The application of AI technologies in healthcare and rehabilitation is expanding quickly. In order to deliver optimal patient care, it is imperative that we, as healthcare practitioners, enhance our understanding of AI’s applications in rehabilitation.

Studies now underway on the use of AI in sports medicine and orthopaedic surgery indicate potential in assessing patient-reported outcomes, interpreting medical imaging, and forecasting the likelihood of athlete injuries. But like with anything new, this new technology will necessitate a basic understanding of the advantages, restrictions, and uses of AI-based technologies.

AI in rehabilitation can improve patient care by supporting physiotherapists in a number of ways, such as by conducting a comprehensive assessment, predicting patients’ performance, and making a diagnosis. AI can be used in problem-solving, x-ray diagnostics, and best-practice guidelines in medical and rehabilitative settings.

A wide range of clinical issues pertaining to the brain are being resolved with the aid of AI approaches. Our knowledge of complex brain mechanisms is being aided by the development of an increasing number of efficient algorithms through recent research and the accumulation of pertinent data. AI has a lot of promise for neurologic physical therapy. AI is being developed for applications such as robotic-assisted therapy, motor function and gait assessment, client level of function assessment, upper extremity rehabilitation, and movement assessment. As an illustration, consider the use of wearable sensor data to identify aberrant or asymmetrical walking patterns. AI sensors can identify aberrant movement patterns during functional movements and are a valuable tool for functional task analysis and the creation of individualised therapy programmes. This might be a great approach to keep an eye on the kind and quantity of workouts done at home in the future when combined with telerehabilitation, virtual reality, and body-worn sensors. For example, a remote therapist may receive notifications when a patient is not doing exercises correctly or when there are safety issues.

As professionals, we will need to adapt to these developments and understand how to make the most of AI. We may discover that, in order to succeed in our line of work, we must be able to analyse and interpret AI-generated algorithms, apply judgement to them, and integrate this AI into our practice in ethical, professional, and social contexts rather than acquiring more sophisticated manual therapy techniques or honing our diagnostic abilities. We face the possibility that machine intelligence will make decisions for us rather than just informing them if we don’t participate in the AI discourse and put it into reality. To improve our results, we need to collaborate with AI and humans.

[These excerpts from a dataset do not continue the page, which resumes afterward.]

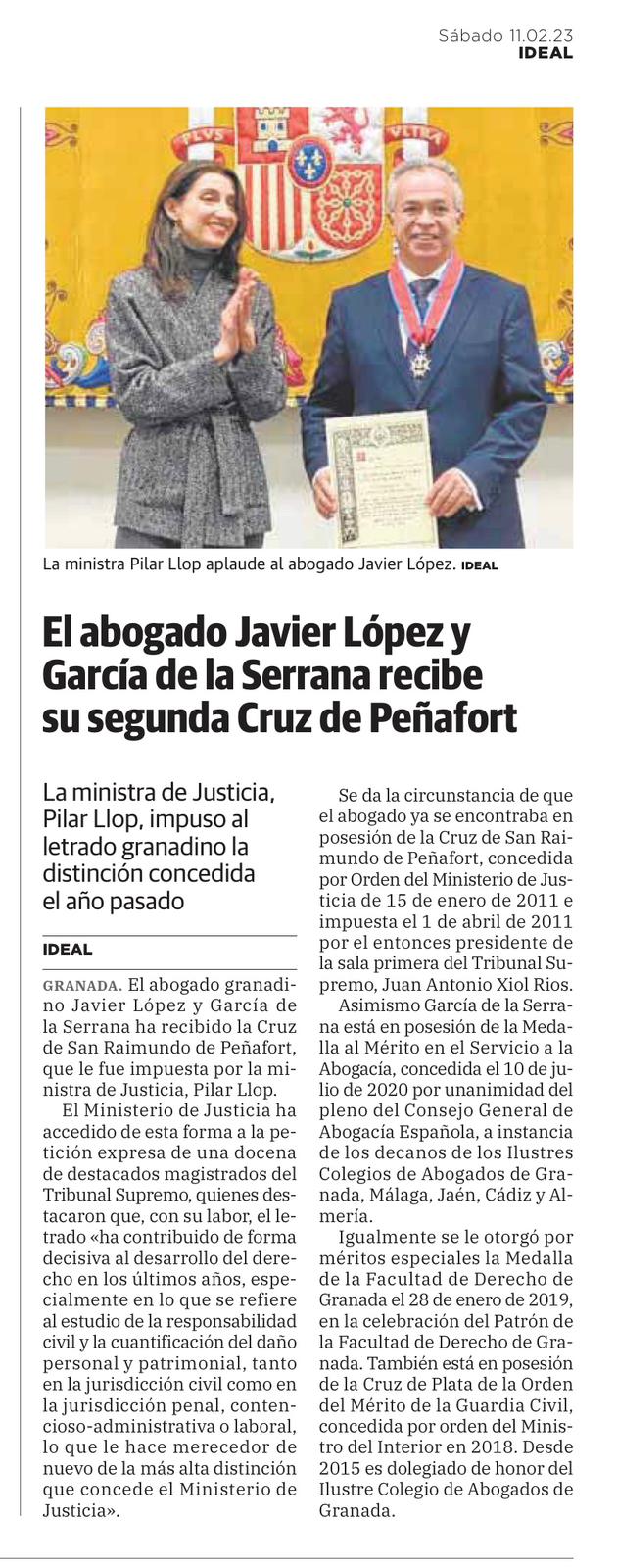 11/02/2023 IDEAL: El abogado Javier López y García de la Serrana recibe su segunda Cruz de Peñafort  Abogados en Granada, Málaga y Jaén < AnteriorSiguiente > Deja una respuesta Cancelar la respuestaTu dirección de correo electrónico no será publicada. Los campos obligatorios están marcados con *Comentario * Nombre * Correo electrónico * Web Guarda mi nombre, correo electrónico y web en este navegador para la próxima vez que comente. Δ
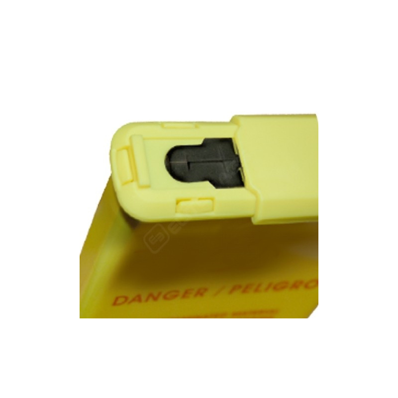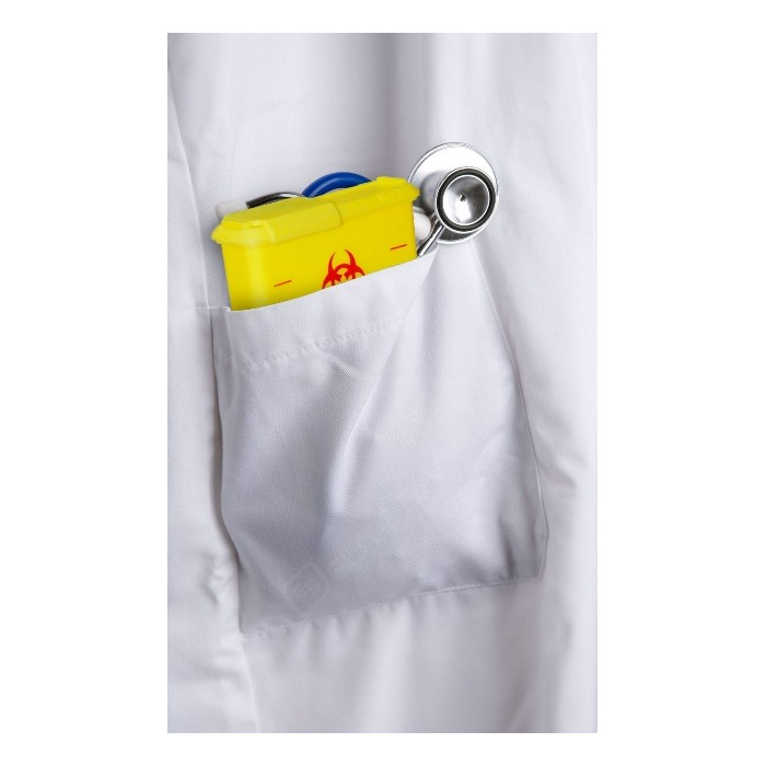 Thanks to its reduced size, it allows the direct inser- tion of needles, catheters, etc. in the container, avoiding them to get out by accident and offering health professionals total security.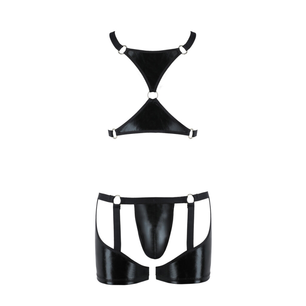 - L'ensemble est une proposition de lingerie érotique masculine de style wetlook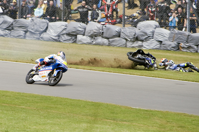 Shame that they need fences to keep the fans off the track. they didnt work too well as fans were track side as stoner passed under the bridge in front of starkeys on the last lap,very dissapointed and suprised that there has been no mention about that,they could jeopardise the future of the British GP if it happens again.

For students and rehabilitation professionals to properly comprehend and utilise AI technology, they must possess AI literacy. The growing need for rehabilitation services across the globe has led to a constant evolution in the field of rehabilitation. Rehabilitation professionals are filling in the gaps in the field where AI is used globally to help with evaluation, personalised feedback for rehabilitation exercises, increased accessibility through virtual reality and telerehabilitation, and improved diagnosis and treatment efficiency for physicians and therapists. Rehabilitation professionals that possess AI literacy will be better equipped to assess online health information critically and counteract the infodemic of rehabilitation-related issues.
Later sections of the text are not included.